LncRNA XIST facilitates the odontogenic differentiation of dental pulp stem cells via the FUS/ZBTB16

Authors

  • Ruiqing Cheng Hebei Eye Hospital, Department of Oral Medicine, Xingtai https://orcid.org/0009-0006-1692-5384
  • Honglei Sun Hebei Eye Hospital, Department of Oral Medicine, Xingtai
  • Xiaotong Qiao Hebei Medical University, Department of Dental and Pulp Diseases, College of Stomatology, Shijiazhuang
  • Xuefang Chen Hebei Eye Hospital, Department of Oral Medicine, Xingtai

DOI:

https://doi.org/10.1590/1678-7757-2023-0444

Keywords:

Dental pulp stem cells, Odontogenic differentiation, LncRNA XIST, FUS, ZBTB16

Abstract

Objective: This study aims to explore the regulatory mechanism of long noncoding RNA X inactive specific transcript (lncRNA XIST) in the odontogenic differentiation of human dental pulp stem cells (hDPSCs). hDPSCs were obtained from freshly extracted third molars and identified by flow cytometry.

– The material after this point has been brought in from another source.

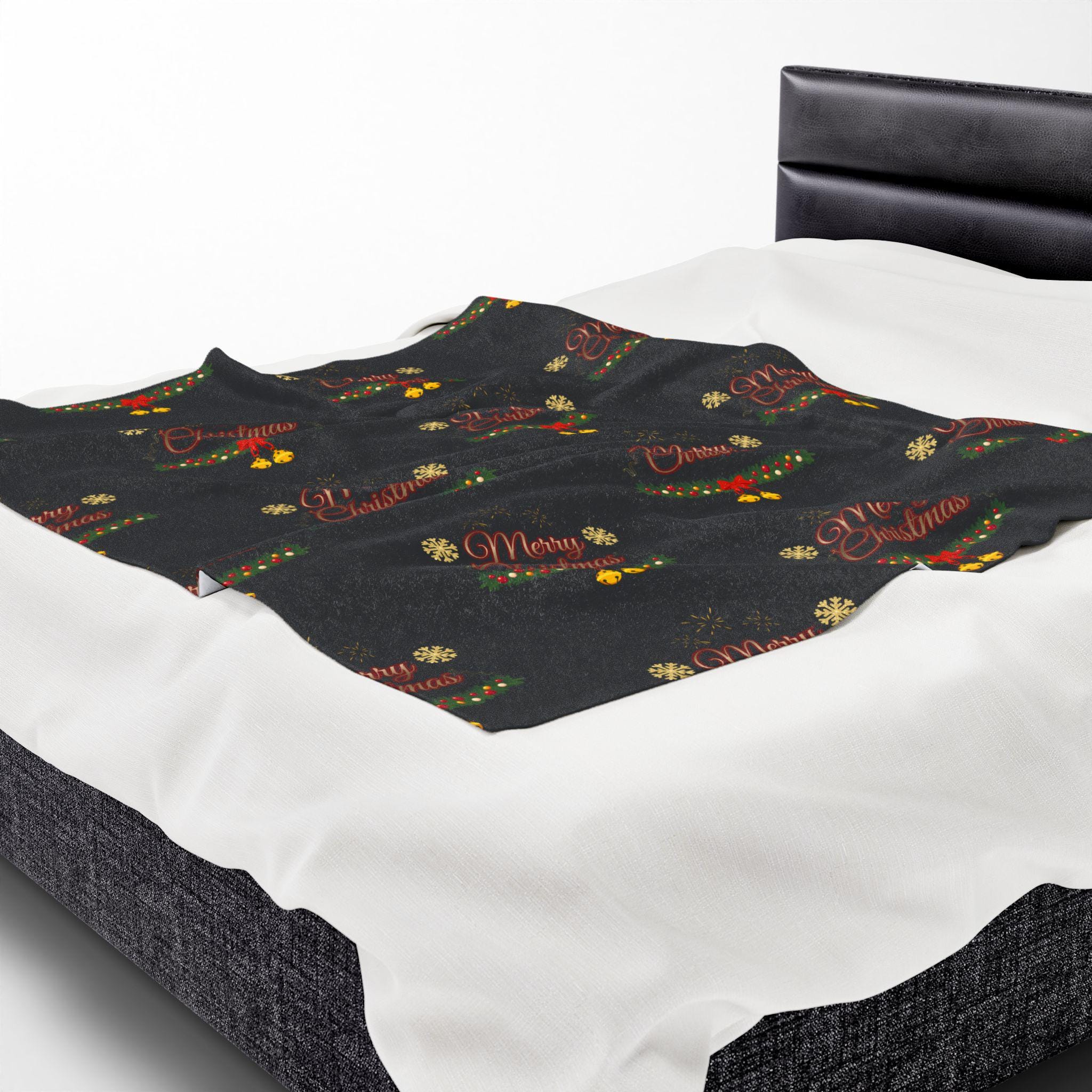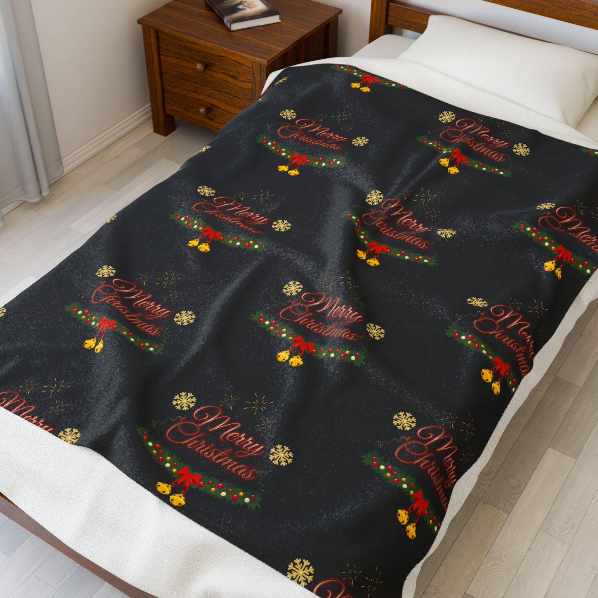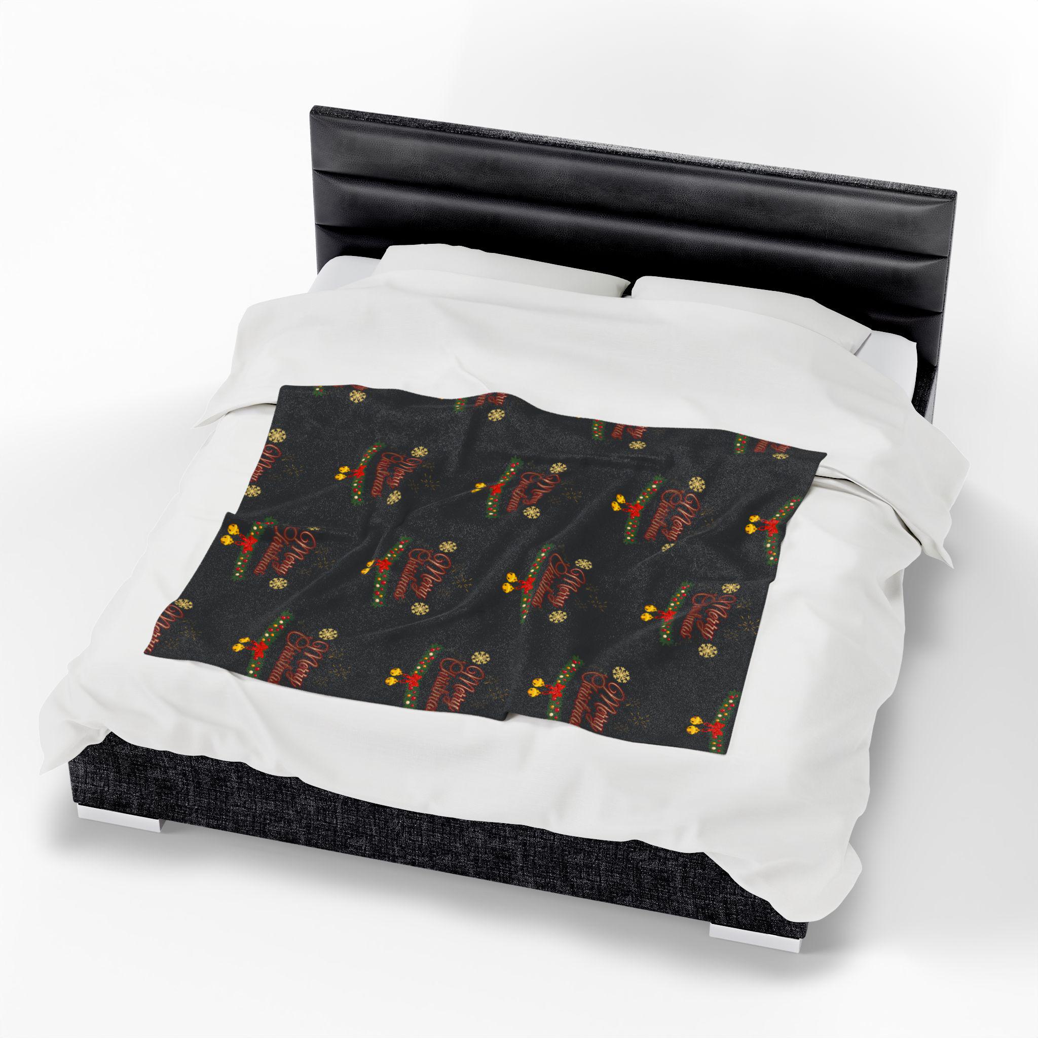 Wrap yourself in quiet holiday warmth. This velveteen plush blanket pairs a deep, soft pile with a festive repeat motif—gold bells, holly accents and a handwritten-style “Merry Christmas” on a rich black field—to create a cozy accent that reads both classic and a little mischievous. It settles across the lap on late-night movie nights, drapes over the arm of a reading chair, or tucks around shoulders during tree-decorating and cookie exchanges. The fabric is silky to the touch and holds vibrant printed color on one side, so the design stays bright while the reverse keeps a neutral, relaxed look. Lightweight enough to carry between rooms but substantial enough to feel comforting, it’s built to be used and to last.

Methodology: Odontogenic differentiation was induced in mineralized culture medium, and hDPSCs were infected with shRNA lentivirus targeting XIST or fused in sarcoma (FUS), followed by detection of alkaline phoshpatase (ALP) activity, alizarin red staining of mineralized nodules, Real-Time Quantitative Reverse Transcription PCR (qRT-PCR) quantification of XIST expression, and Western blot analysis of FUS, ZBTB16, and odontogenic differentiation markers (DSPP and DMP1). IF-FISH was performed to detect the cellular localization of XIST and FUS. RIP assay validated the XIST and FUS binding. ZBTB16 mRNA stability was tested after actinomycin D treatment. hDPSCs were infected with oe-ZBTB16 lentivirus and further treated with sh-XIST for a combined experiment. Results: LncRNA XIST was highly expressed in hDPSCs with odontogenic differentiation. Downregulation of XIST or FUS weakened the ALP activity of hDPSCs, reduced mineralized nodules, diminished DSPP and DMP1 expressions. XIST binds to FUS to stabilize ZBTB16 mRNA and promote ZBTB16 expression. ZBTB16 overexpression partially reversed the inhibitory effect of XIST silencing on odontogenic differentiation of hDPSCs. Conclusion: In conclusion, XIST stabilizes ZBTB16 mRNA and promotes ZBTB16 expression by binding to FUS, thereby facilitating the odontogenic differentiation of hDPSCs.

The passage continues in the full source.